I know, I talked in my previous entry about why you should use Symfony plugins instead of reinventing the wheel. But our requirements are not covered by design by the sfLucene plugin and Lucene is the wheel not to reinvent, so it was only up to me for a small integration. Just a few lines of code.

I have done that basically the whole afternoon today, so lets shortly wrap it up:

  • Lucene is a open source search engine.
  • Zend created a PHP implementation called ZendSearchLucene.
  • There are some good blog entries describing the integration
    • Dave Dash provided the initial tutorial, based on some old ZSL implementation
    • Peter van Garderen uses Daves tutorial and adds some comments for newer versions.
    • Johannes Schmidt (blog in german) gave me the final hintes to get UTF-8 working.

I took the latest ZSL 1.0.1 and just the search files. In 1.01 the ones i dropped in my_app/lib are:

Zend/Loader.php
Zend/Exception.php
Zend/Search/*

The next problem was now the autoloading, as he Zend.php file was no longer there. I anyway wanted to create a wrapper class which encapsulates loading the index and running the finds. So because of that I created my own ZendSearchLucene.class.php in my_app/lib:

require_once('Zend/Loader.php');
Zend_Loader::loadClass('Zend_Search_Lucene');
Zend_Loader::loadClass('Zend_Search_Exception');
Zend_Search_Lucene_Search_QueryParser::setDefaultEncoding("UTF-8");
Zend_Search_Lucene_Analysis_Analyzer::setDefault(
new Zend_Search_Lucene_Analysis_Analyzer_Common_Utf8Num(),
new Zend_Search_Lucene_Analysis_Analyzer_Common_Utf8Num());
 
class ZendSearchLucene {
  const INDEXROOT = SF_ROOT_DIR.DIRECTORY_SEPARATOR.'data'.
  DIRECTORY_SEPARATOR.'search'.DIRECTORY_SEPARATOR;
  const VERSION = '1.0.1';
  public static function addOrUpdate($doc,$id,$area){
    $index = null;
    try {
      $index = Zend_Search_Lucene::open($self::INDEXROOT.$area);
    } catch (Zend_Search_Lucene_Exception $e) {
      $index = Zend_Search_Lucene::create($self::INDEXROOT.$area);
    }
    $term = new Zend_Search_Lucene_Index_Term($id, 'myid');
    $query = new Zend_Search_Lucene_Search_Query_Term($term);
    $hits = $index->find($query);
    foreach ($hits AS $hit) {
      $index->delete($hit->id);
    }
    $index->addDocument($doc);
  }
 
  public static function find($query,$area){
    $index = Zend_Search_Lucene::open($self::INDEXROOT.$area);
    return $index->find(mb_strtolower($query,"UTF-8"));
  }
}

Looks complicated, but that is basically all I needed to do. You will find ideas from all three tutorials in that code. So lets give em credit:
The autoloading in the beginning was my creation.
The UTF-8 solution is very fragile. It never worked as described on other pages. The only change that made it possible is to set both Analyzers to UTF-8 but I must not set any UTF-8 somewhere else. (so no UTF-8 param in the field creation) . Thank you Johannes for the ideas. The UTF-8 mess took most of my time today.
Most of the addOrUpdate code comes from Dave, however I modified it. Thanks to the hint of Peter, the API changed and now offers a static open and create method. Unfortunately there is no create if not exists option. So I try to open and on exception I create it.
I also made a variable index for different areas (lets say a forum and a blog) where the search should stay inside that area.
Peters instructions and some comments helped me to resolve the issue with the id column. Giving it an own alias was enough, so I wouldn’t go so far to recommend not to give a DB column the name ID.

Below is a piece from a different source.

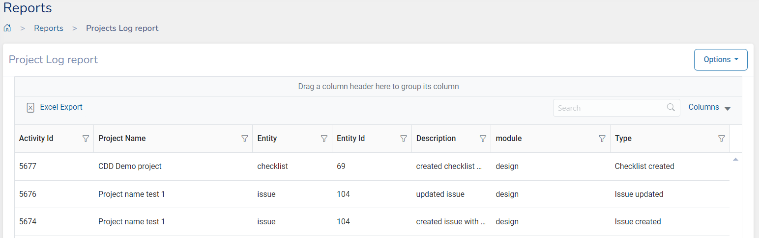 Project log report references to each project’ s log details.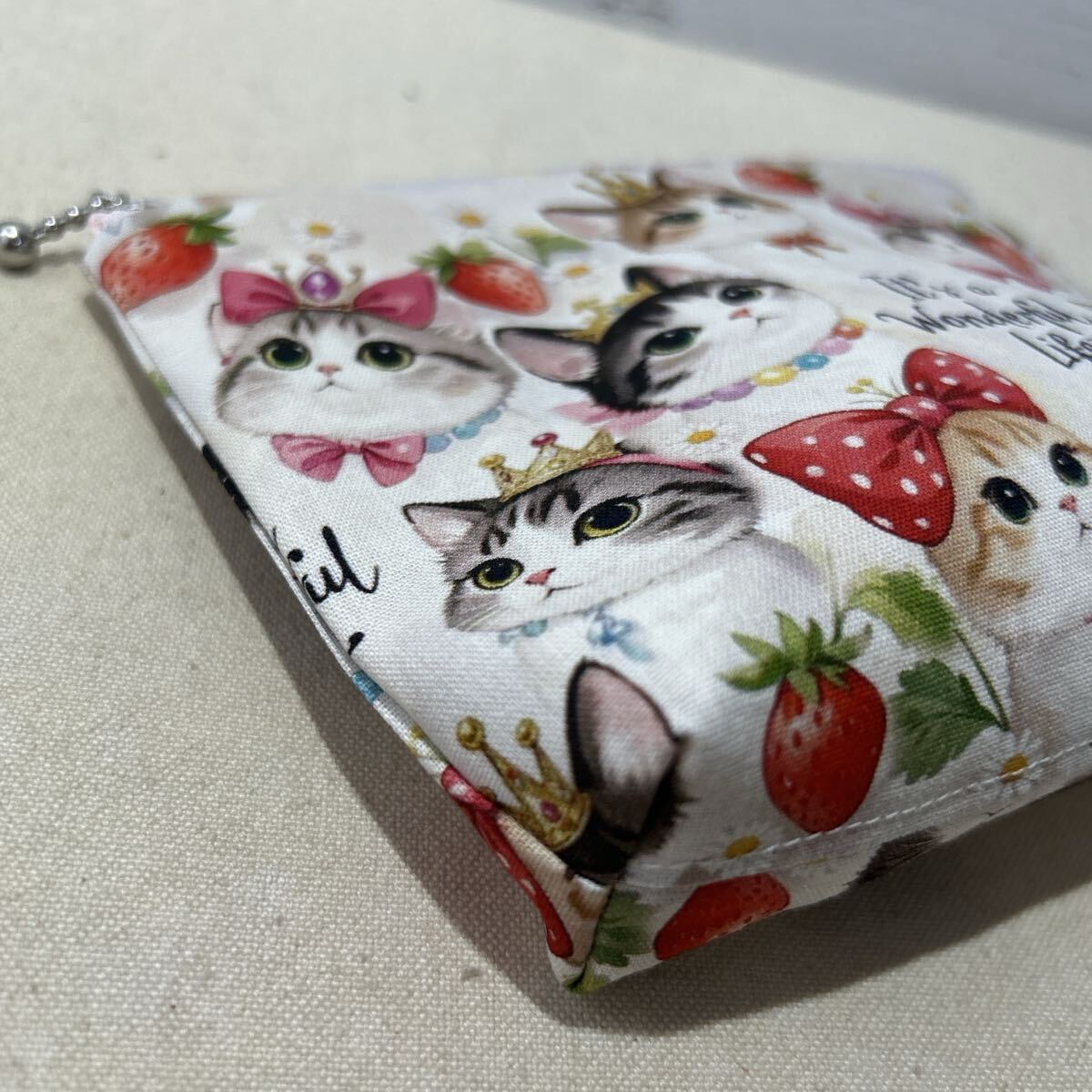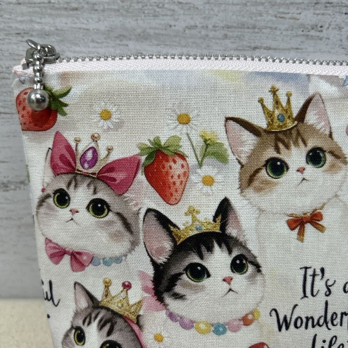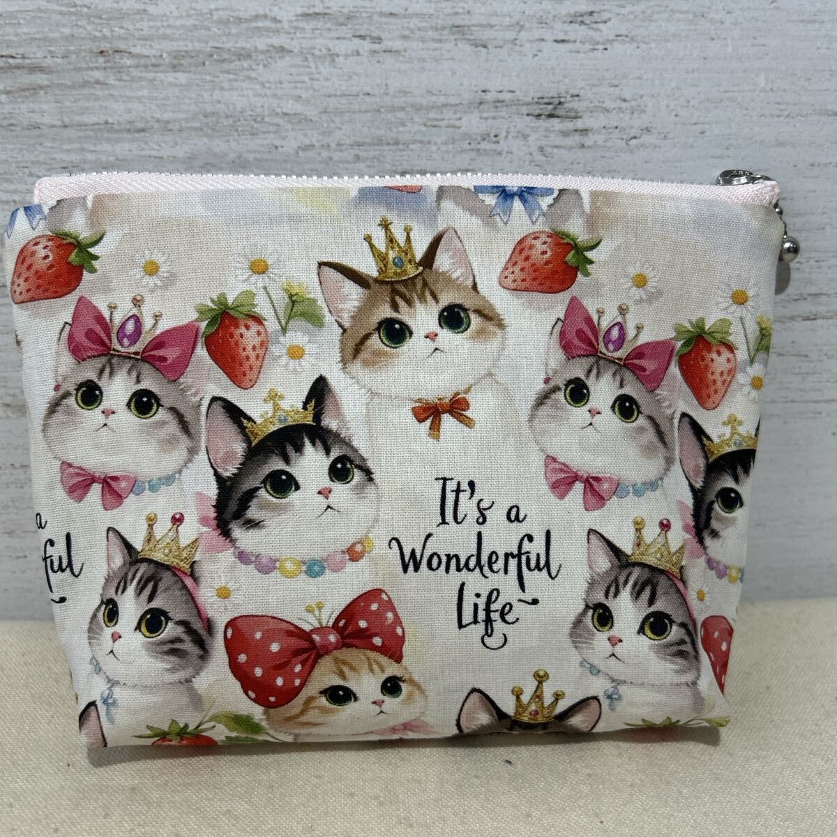 ポーチ/ハンドメイド /コスメポーチ/小物入れ /16cmポーチ/ 苺王冠猫4

And that is already most of the stuff needed to do. It just takes some time to get it sorted out. Final credit again shall go to Dave for his talk about Zend_Search_Lucene, which inspired me to take it and not to use mysql like %xyz% calls.

Hope I could provide with this collection and amendments some help :-)

PS: If you are a Java guy it is very interesting to see how much effort PHP guys put into namespacing. Zend_Search_Lucene is a prime example of that. The even invent their own “classloader” which then maps the underscores to directories :)

Update2:
The UTF-8 was not working correctly, but now I have it. I did not notice that calling strtolower on an utf-8 string will corrupt it, there are some cases where it might work, but to be safe, always use mb_strtolower so my field generation looks like this:

$titleField = Zend_Search_Lucene_Field::Text('title', mb_strtolower($this->getTitle(),"UTF-8"),"UTF-8");
$titleField->boost = 1.5;
$doc->addField($titleField);

So it looks that without this it worked okay on my devenv but not on the test system (most likely because the php locale, and thus the conversion magic, was different). I also updated the code above.